More than 50 of Roy's supporters gathered in the Carver Branch of the Austin Public Library to meet each other and kick off Roy's campaign. The ALA is the largest and oldest library association in the world and it serves to promote library services and public access to information.
Roy said the ALA presidency would be an opportunity to bring visibility to the communities with which she works. The campaign focuses on extending the love of reading to all children, said Beth Hallmark, library and information science graduate student and manager of Roy's student-run campaign.
"She breaks the stereotype of what a librarian is," said Gustavo Soto, graduate student in the School of Information and campaign treasurer. He described an older woman with glasses and "shushes" people and who is only concerned with books and check-out rules. "Dr. Roy is more focused on the bigger issue," Soto said. "She focuses on minorities and people who don't have access to even books or libraries."
Roy founded If I Can Read, I Can Do Anything, a national reading club for American Indian children. Roy, an Anishinabe Indian, is enrolled on the White Earth Reservation and is a member of the Minnesota Chippewa Tribe.
"She very much is about what people can do together as a community and how people can come together and bring their own culture, their own history and celebrate that as well," Hallmark said. "Culture is an important part of who she is."

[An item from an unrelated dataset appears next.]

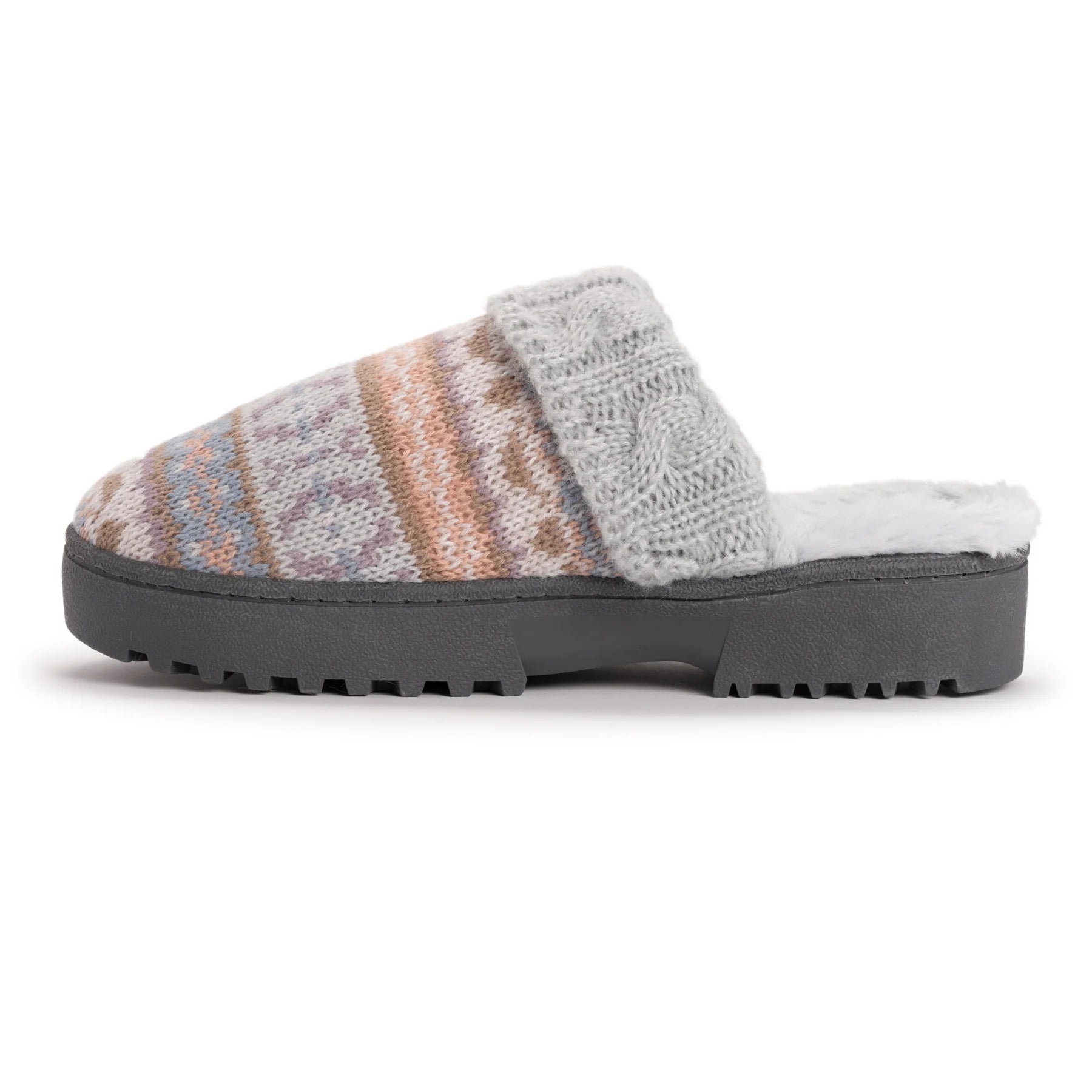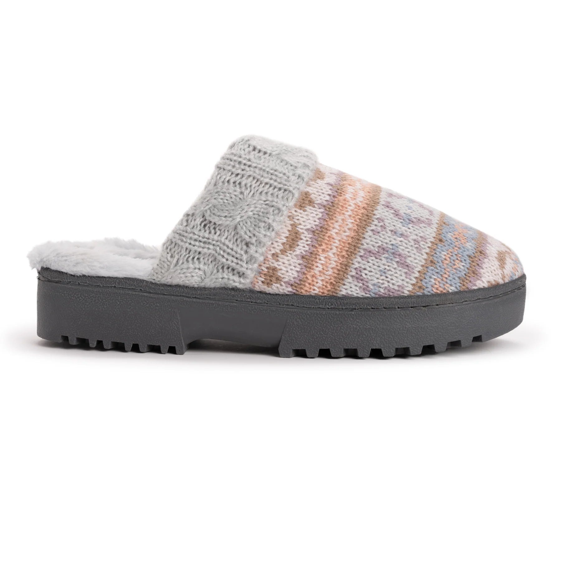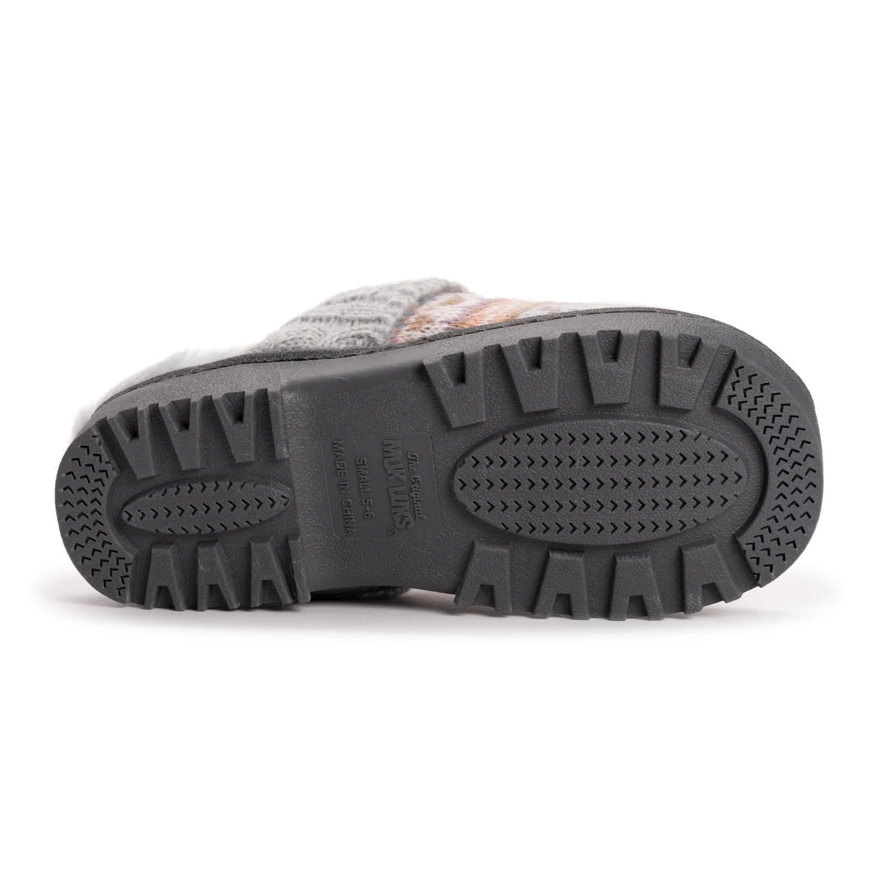 Keep your feet cozy and stylish with the Muk Luks Women's Minette Slippers. These classic slide slippers feature a soft faux shearling lining and a multi-layer comfort foam footbed for better and longer lasting support. The uniquely in-house designed knit pattern offers a timeless look, while the indoor/outdoor sole gives you comfort whether you're lounging inside or stepping out to grab the mail or run an errand. Slip into all-day warmth and style!
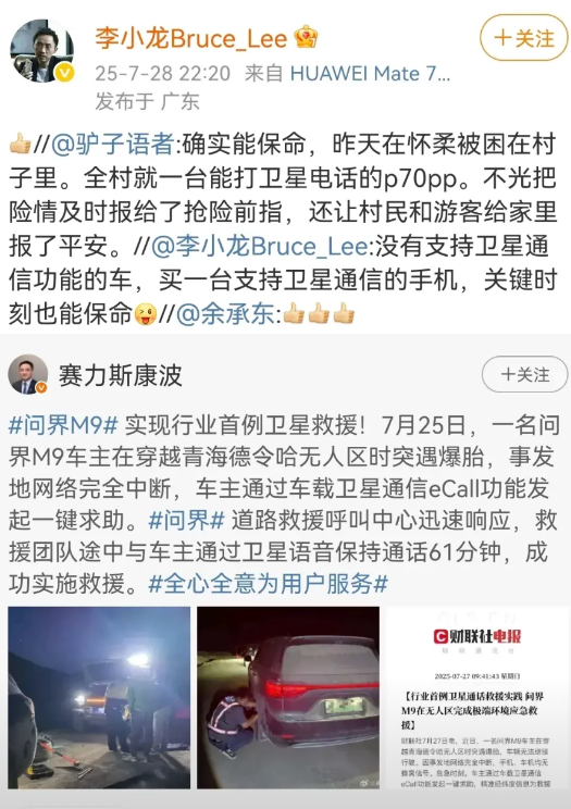 账号『驴子语者』博主在华为李小龙Bruce_Lee分享的没有支持卫星通信功能的车,买一台支持卫星通信的手机,关键时刻也能保命。

Roy attended the Oregon Institute of Technology before earning her master's in library science from the University of Arizona and her Ph.D in library and information science from the University of Illinois at Urbana-Champaign.
The ALA president serves a one-year term, functioning as the chief spokesperson for the more than 65,000 members of the association. Each year, a nine-person nominating committee selects two candidates to run for the presidency.
Bill Crowe, director of the University of Kansas' Spencer Research Library, was also selected to run. His campaign focuses on making libraries the "center of the information-seeking world."
Crowe and Roy will participate in a one-hour debate in January at the ALA midwinter meeting. Voting will take place from March 15 until April 24. The winner will serve one year as president elect, one year as president and one year as immediate past president.
The candidates must raise all the funds on their own. Roy estimated that her campaign would cost between $6,000 and $8,000 and that her team has sent out invitations asking people to donate.
"It's like running for president of a small country; we have balloons, we have bumper stickers and brochures are under development," Roy said.